Reality is, the size and scale of the Defence Forces are in direct correlation to the threat perceptions – it is no one’s case that the neighbourhood is more peaceful now, than before. China and Pakistan are jointly belligerent with unprecedented military investments and brazenness (e.g. South China Sea build up, CPEC investments, joint JF-17 Fighter Aircraft Program and the growing Pakistani nuclear arsenal estimated currently at 120, are few of the obvious joint strategic moves), and now even Nepal and Maldives are openly sulking with India and dangerously flirting with China – internally, J&K and North East remain tense and active. Unanimously, the strategic fraternity is of the opinion that India needs to be prepared for a ‘two-front’ eventuality – such a collusive scenario is to be contextualized with current levels of preparedness/depletedness (e.g. Air Force has 35 fighter squadrons against a requirement of 45). The contradiction of real Military requirements versus external (non-military) exigencies is personified with the urgency of raising a Strike Mountain Corps, facing China (envisaging additional 90,000 soldiers approx.).
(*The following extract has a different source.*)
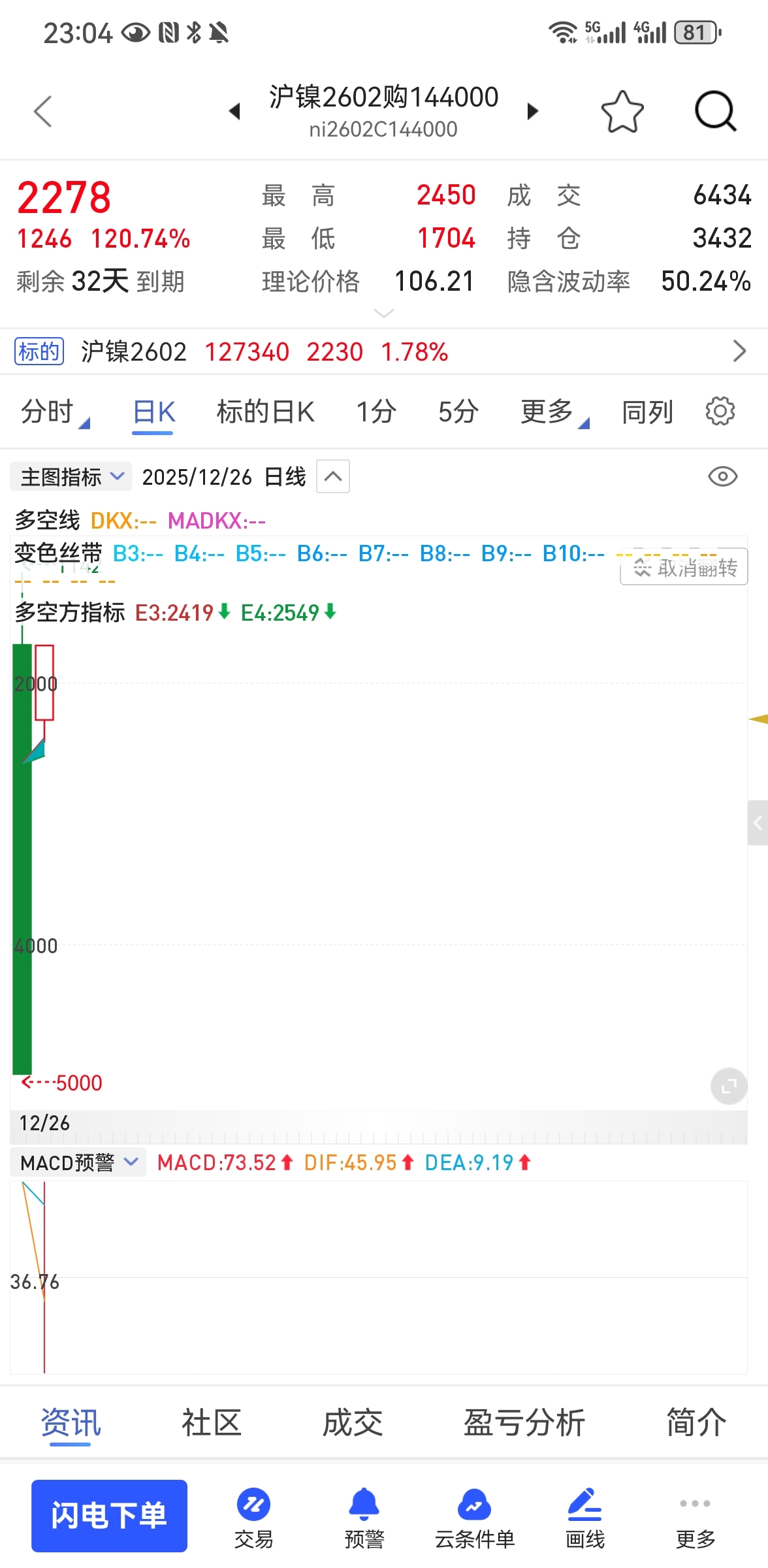 最近期货行情。沪银。沪铜。沪镍。PTA。短纤。棉花。这几个品种。2062合约期权期货。又放大杠杆。一路顺风唱多头。又像白银那样。单边行情。政策利好搭配放大杠杆。主力控盘多头。注意:比如某个品种合约期权新增加一个新标的合约。一定要注意风险。这就是期货期权加大杠杆原理意思。。好多人都不了解。加大杠杆原理就是百分之90要涨。以后要记住。为什么期权有时候会新增加一个标的合约呢?一般某个品种期货大涨时候。在高位。或者高位横盘。所以他还想再涨上去一波,主力资金放大加大杠杆。意思就还想继续上涨意思。

The strategic imperatives that are integral to improving the ‘tooth-to-tail’ ratio has inherent prerequisites of redefining Military concepts and doctrines like unified command  and control structures, rapid mobility, weaponry and process modernisation etc. none of which is accompanying the current ‘flab’ debate or committee mandate. An isolationist and simplistic ‘headcount’ is typical bureaucratic approach of ‘salami-tactics’ without appreciating the military construct of either the head, or what constitutes the tail. Any review of the ‘tooth-to-tail’ discussion without rewriting the National Defence Strategic outlook is puerile and disastrous – as there is no parallel urgency in either ‘integrating’ services or appointing CDS etc. that are key constituents towards a ‘leaner and meaner’ organization in its true operational spirit.
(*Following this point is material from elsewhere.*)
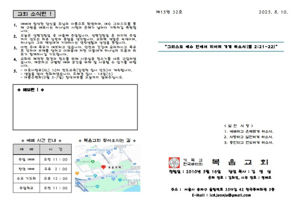 복음교회 주보 2025. 8. 10 작성자 정보 최고관리자 작성 작성일 2025.10.01 16:05 컨텐츠 정보 582 조회 목록 본문 2025. 8. 10 SNS 공유 관련자료 이전 2026년 3월29일 작성일 2026.04.04 09:06 댓글 0 등록된 댓글이 없습니다. 로그인한 회원만 댓글 등록이 가능합니다. 목록

It is true that there are structural inefficiencies and opportunities to optimize roles and responsibilities within the Defence Force’s structure – however, an institutional track record would bail out the Indian Defence Forces from taints of functional sloppiness or inertia vis-à-vis other governmental institutions like the Police Forces, Railways, PSU’s or even civilian set-up’s in the Defence sector like DRDO, BHEL or HAL. Seemingly, there seems to be no committee or urgency constituted on cutting the ostensible ‘flab’ in any of these set-up’s (These have delivered sub-optimal solutions like the Arjun Tank, Tejas LCA and worse, could not even produce a standard rifle for the Infantry) . In any case, there is an ongoing process of reviewing structural issues and preparedness of the Armed Forces (e.g. Perspective Planning at the Army Headquarters) which could be nudged to either accelerate or sharply review the existing structures in a less public manner to ensure optimisation of resources – however to allude to simplistic examples like when the Defence Minister stated, ‘Every military station has telephone operators. What is the need for operators in today’s time when everything is automated?’ is factually true, though, politically expedient, convenient and not really germane to the real issue of modernising an army into a leaner and meaner force – besides offering misleading logics that could lead to irreversible disservice to the totality of the Indian Defence Forces, and ultimately to the nation.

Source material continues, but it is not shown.